##### MATERIAL SUPPLIED #####
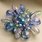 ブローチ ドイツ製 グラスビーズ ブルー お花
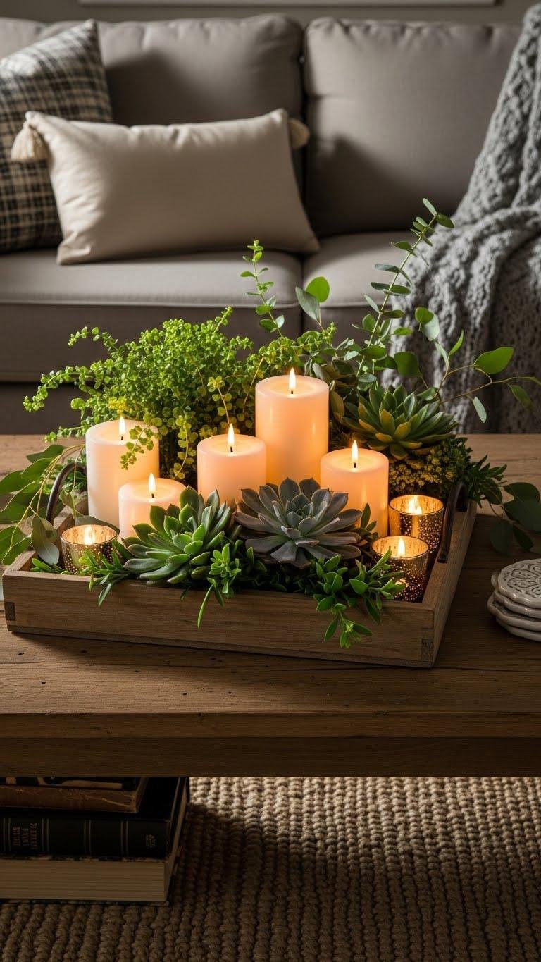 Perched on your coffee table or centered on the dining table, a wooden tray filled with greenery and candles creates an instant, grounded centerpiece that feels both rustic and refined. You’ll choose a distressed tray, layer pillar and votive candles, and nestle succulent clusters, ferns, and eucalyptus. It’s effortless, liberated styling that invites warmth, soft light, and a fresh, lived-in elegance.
#####
##### MATERIAL SUPPLIED #####
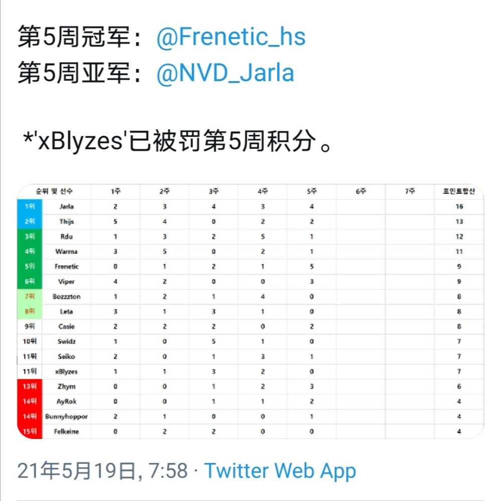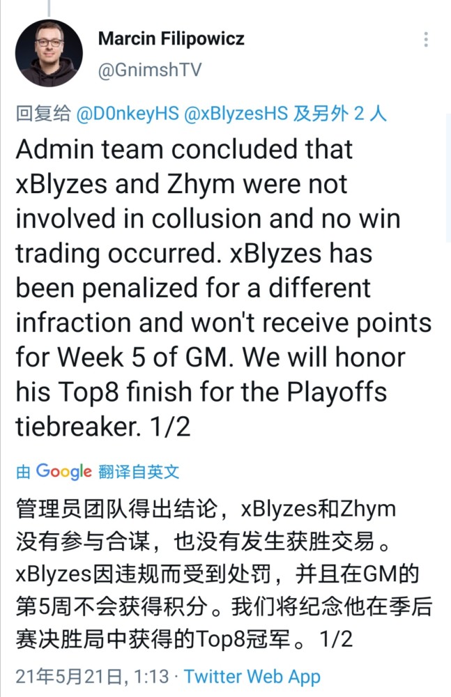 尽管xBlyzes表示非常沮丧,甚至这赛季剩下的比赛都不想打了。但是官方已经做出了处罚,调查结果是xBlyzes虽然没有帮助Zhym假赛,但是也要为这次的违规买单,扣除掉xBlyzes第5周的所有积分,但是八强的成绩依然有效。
#####
##### MATERIAL SUPPLIED #####
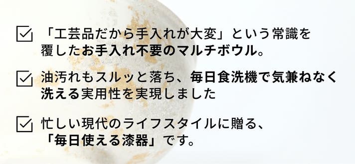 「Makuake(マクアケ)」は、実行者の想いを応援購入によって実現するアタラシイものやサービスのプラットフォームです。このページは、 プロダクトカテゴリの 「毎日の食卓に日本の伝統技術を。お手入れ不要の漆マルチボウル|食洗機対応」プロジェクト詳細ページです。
#####
• **TRY IT**:
Reproduce exactly the lines of the data above that run from the line with "ブローチ ドイツ製 グラスビーズ ブルー お花" down to the line with "Perched on your", both ends included. Pictures do not belong in the copy.

• **ANSWER SPACE**:
 ブローチ ドイツ製 グラスビーズ ブルー お花
 Perched on your coffee table or centered on the dining table, a wooden tray filled with greenery and candles creates an instant, grounded centerpiece that feels both rustic and refined. You’ll choose a distressed tray, layer pillar and votive candles, and nestle succulent clusters, ferns, and eucalyptus. It’s effortless, liberated styling that invites warmth, soft light, and a fresh, lived-in elegance.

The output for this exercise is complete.